● **EXERCISE**
Beginning with the line that holds "Lawn 1 is where" and ending with the last line below, repeat each line exactly, leaving any pictures out.

● **AVAILABLE DATA**

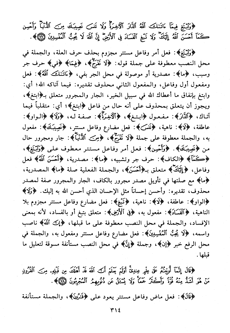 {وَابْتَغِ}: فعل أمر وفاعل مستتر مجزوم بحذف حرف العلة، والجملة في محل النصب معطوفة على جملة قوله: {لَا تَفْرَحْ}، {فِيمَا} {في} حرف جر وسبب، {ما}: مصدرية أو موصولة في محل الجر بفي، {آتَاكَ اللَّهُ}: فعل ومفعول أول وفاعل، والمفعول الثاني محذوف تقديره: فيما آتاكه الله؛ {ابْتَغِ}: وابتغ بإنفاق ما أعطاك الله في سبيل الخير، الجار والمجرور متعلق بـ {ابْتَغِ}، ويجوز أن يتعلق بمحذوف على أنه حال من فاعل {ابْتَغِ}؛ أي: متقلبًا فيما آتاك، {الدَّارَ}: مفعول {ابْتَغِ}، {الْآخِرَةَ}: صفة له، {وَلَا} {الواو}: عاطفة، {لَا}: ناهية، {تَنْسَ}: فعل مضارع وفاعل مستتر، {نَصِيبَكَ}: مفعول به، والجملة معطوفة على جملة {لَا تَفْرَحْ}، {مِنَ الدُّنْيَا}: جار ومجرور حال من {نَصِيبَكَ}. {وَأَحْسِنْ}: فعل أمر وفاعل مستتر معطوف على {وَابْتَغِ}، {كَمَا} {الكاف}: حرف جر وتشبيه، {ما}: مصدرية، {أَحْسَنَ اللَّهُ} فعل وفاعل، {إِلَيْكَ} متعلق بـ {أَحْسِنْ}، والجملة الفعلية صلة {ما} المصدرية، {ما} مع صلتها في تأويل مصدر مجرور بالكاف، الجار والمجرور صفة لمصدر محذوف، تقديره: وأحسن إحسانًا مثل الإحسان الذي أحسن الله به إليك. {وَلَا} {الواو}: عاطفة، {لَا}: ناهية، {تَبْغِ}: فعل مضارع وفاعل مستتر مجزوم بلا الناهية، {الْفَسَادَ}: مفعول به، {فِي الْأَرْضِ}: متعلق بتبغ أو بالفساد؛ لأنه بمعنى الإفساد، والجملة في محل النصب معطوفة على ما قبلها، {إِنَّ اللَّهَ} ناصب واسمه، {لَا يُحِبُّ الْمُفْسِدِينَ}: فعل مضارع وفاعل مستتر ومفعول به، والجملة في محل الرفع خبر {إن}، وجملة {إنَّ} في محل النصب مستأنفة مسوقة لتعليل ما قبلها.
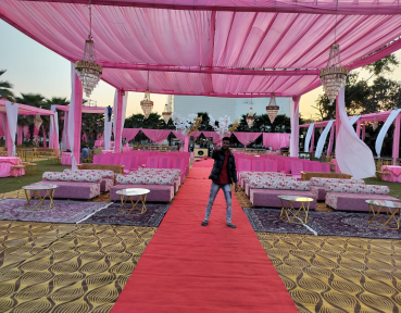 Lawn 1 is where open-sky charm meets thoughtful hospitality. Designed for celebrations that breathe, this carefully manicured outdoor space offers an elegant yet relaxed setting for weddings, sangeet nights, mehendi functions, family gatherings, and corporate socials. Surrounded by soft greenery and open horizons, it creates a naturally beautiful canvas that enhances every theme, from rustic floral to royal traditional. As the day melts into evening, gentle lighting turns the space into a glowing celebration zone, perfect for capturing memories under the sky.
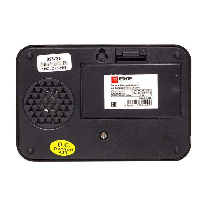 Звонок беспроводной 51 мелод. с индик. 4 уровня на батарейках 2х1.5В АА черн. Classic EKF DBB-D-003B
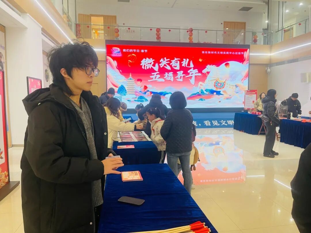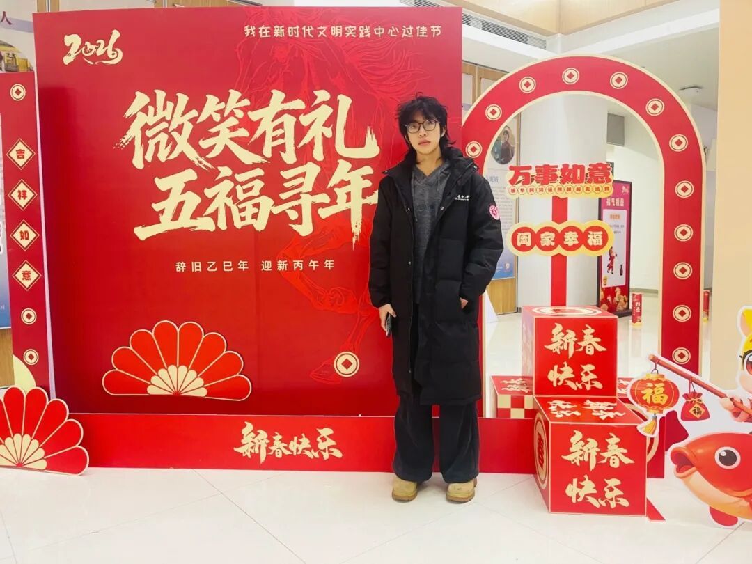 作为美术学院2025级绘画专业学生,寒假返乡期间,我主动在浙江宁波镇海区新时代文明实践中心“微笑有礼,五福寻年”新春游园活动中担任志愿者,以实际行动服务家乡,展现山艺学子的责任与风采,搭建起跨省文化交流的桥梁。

● **EXPECTED ANSWER**
 Lawn 1 is where open-sky charm meets thoughtful hospitality. Designed for celebrations that breathe, this carefully manicured outdoor space offers an elegant yet relaxed setting for weddings, sangeet nights, mehendi functions, family gatherings, and corporate socials. Surrounded by soft greenery and open horizons, it creates a naturally beautiful canvas that enhances every theme, from rustic floral to royal traditional. As the day melts into evening, gentle lighting turns the space into a glowing celebration zone, perfect for capturing memories under the sky.
 Звонок беспроводной 51 мелод. с индик. 4 уровня на батарейках 2х1.5В АА черн. Classic EKF DBB-D-003B
 作为美术学院2025级绘画专业学生,寒假返乡期间,我主动在浙江宁波镇海区新时代文明实践中心“微笑有礼,五福寻年”新春游园活动中担任志愿者,以实际行动服务家乡,展现山艺学子的责任与风采,搭建起跨省文化交流的桥梁。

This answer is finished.